Ecological fitting is a problem for the ecologist or the evolutionary biologist, because it means that what we see in a single field trip, or even many field seasons, may not reflect the specific conditions that shaped the species we study. Janzen explicitly linked ecological fitting to the “punctuated equilibrium” model of evolution proposed by Stephen Jay Gould and Niles Eldredge, in which species spend long stretches of their existence with a fairly stable form, behavior, and habitat needs, with the kinds of changes that define new species occurring (relatively) quickly, in “punctuational” bursts. Those periods of stability between big changes are periods of ecological fitting, in which the species finds enough resources and environments to which it is already reasonably well adapted, and so does not experience strong natural selection, or dramatic changes in population size, that might facilitate big, species-redefining changes.

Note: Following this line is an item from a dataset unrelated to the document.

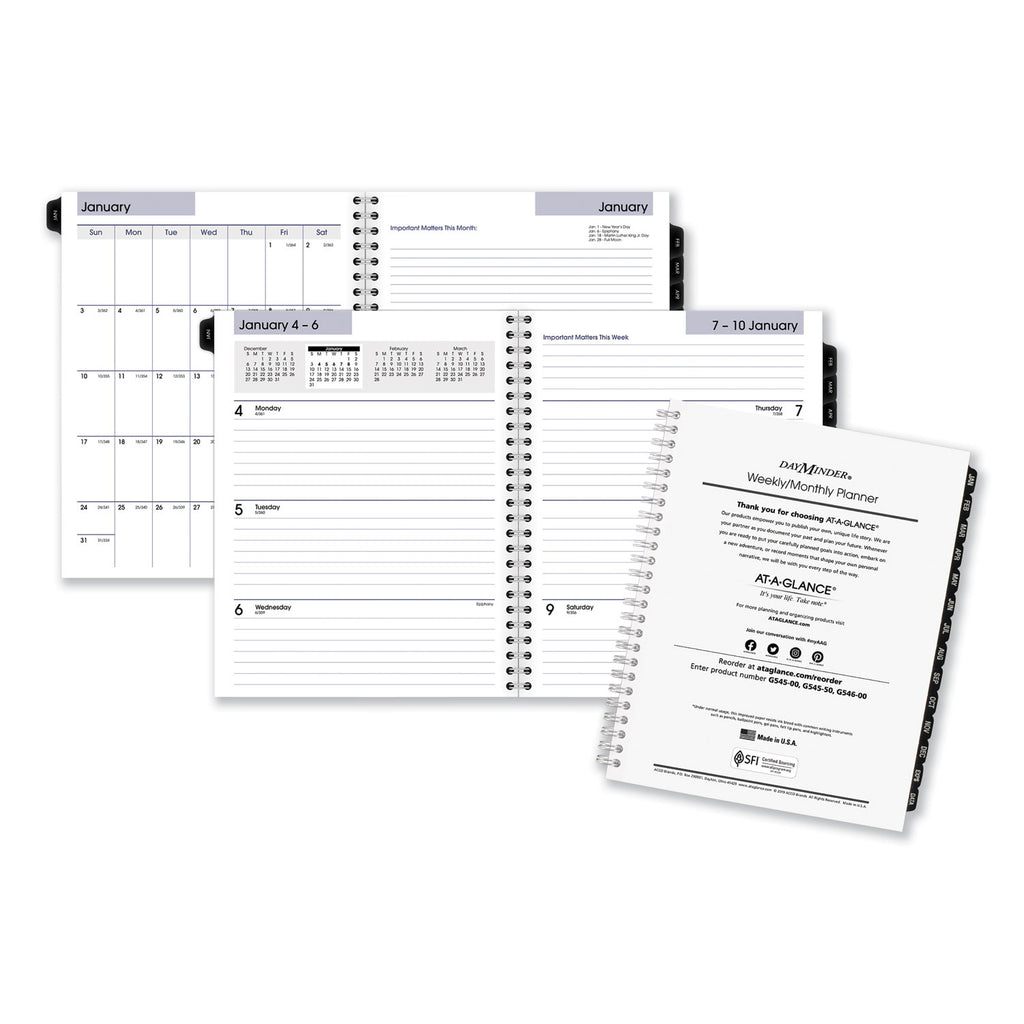 Weekly: one week per two-page spread; ruled block-style for open scheduling; past, current and two future months reference. Monthly: tabbed, full months with unruled blocks on left page, notes space on right. Separate telephone/address and special 16-page information sections. Printed on high-quality with superior ink bleed resistance.

There’s a connection here to another of Gould’s big ideas, his extended argument against the “adaptationist programme” in evolutionary biology. Just as Gould and Richard Lewontin argued that we cannot assume any particular feature of an organism is specifically adapted to its present-day function — because organisms evolve via more processes than natural selection, and because the uses of body parts and behaviors can change with ecological and anatomical context — ecological fitting implies that, however well two species may work together in the present day, we cannot assume that the traits and behaviors necessary for the interaction are the result of that specific interaction.
We also cannot assume that they represent the best possible versions of those interactions. A hummingbird would probably do well enough drinking from any number of tubular red flowers, and a scarlet monkeyflower would probably be adequately pollinated by a Black-chinned hummingbird or an Anna’s hummingbird — or even, as a fallback, a visiting bee. In all likelihood the hummingbird’s traits and behaviors have adapted, not in response to its interaction with one species of monkeyflower, but in response to the general availability of red, tubular flowers full of nectar across the bird’s full geographic range. Or, vice-versa, the monkeyflower’s color and shape reflect the presence of hummingbirds and hummingbird-sized animals with hummingbird-like attraction to the color red, interest in nectar, and ability to drink from a tubular flower.

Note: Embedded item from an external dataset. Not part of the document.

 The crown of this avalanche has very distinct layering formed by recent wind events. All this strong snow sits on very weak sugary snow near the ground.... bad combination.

For ecologists and evolutionary biologists, ecological fitting is a reminder to humility in the face of the living world’s complexity. We can travel the globe, or spend years learning to know a single field site, and only see a little of it directly. Contemplating the ecological fitting of Santa Rosa National Park certainly seems to have put Janzen in such a mood: at the end of his essay he pivots, rather abruptly, to personal reflection:
Widespread species are not adapted to their habitats, they just are. In fact it can be argued that most members of most widespread species are quite maladapted to their habitats. As anyone knows who has suffered a setback in life, you don’t have to be well-adapted to survive. You just have to survive. We are all asymmetrical pegs in square holes.
It’s not possible or practical to expect we’ll achieve a perfect understanding of how the living world works, and how it came to be. But by the same token, perhaps with time and patience, we can understand it well enough.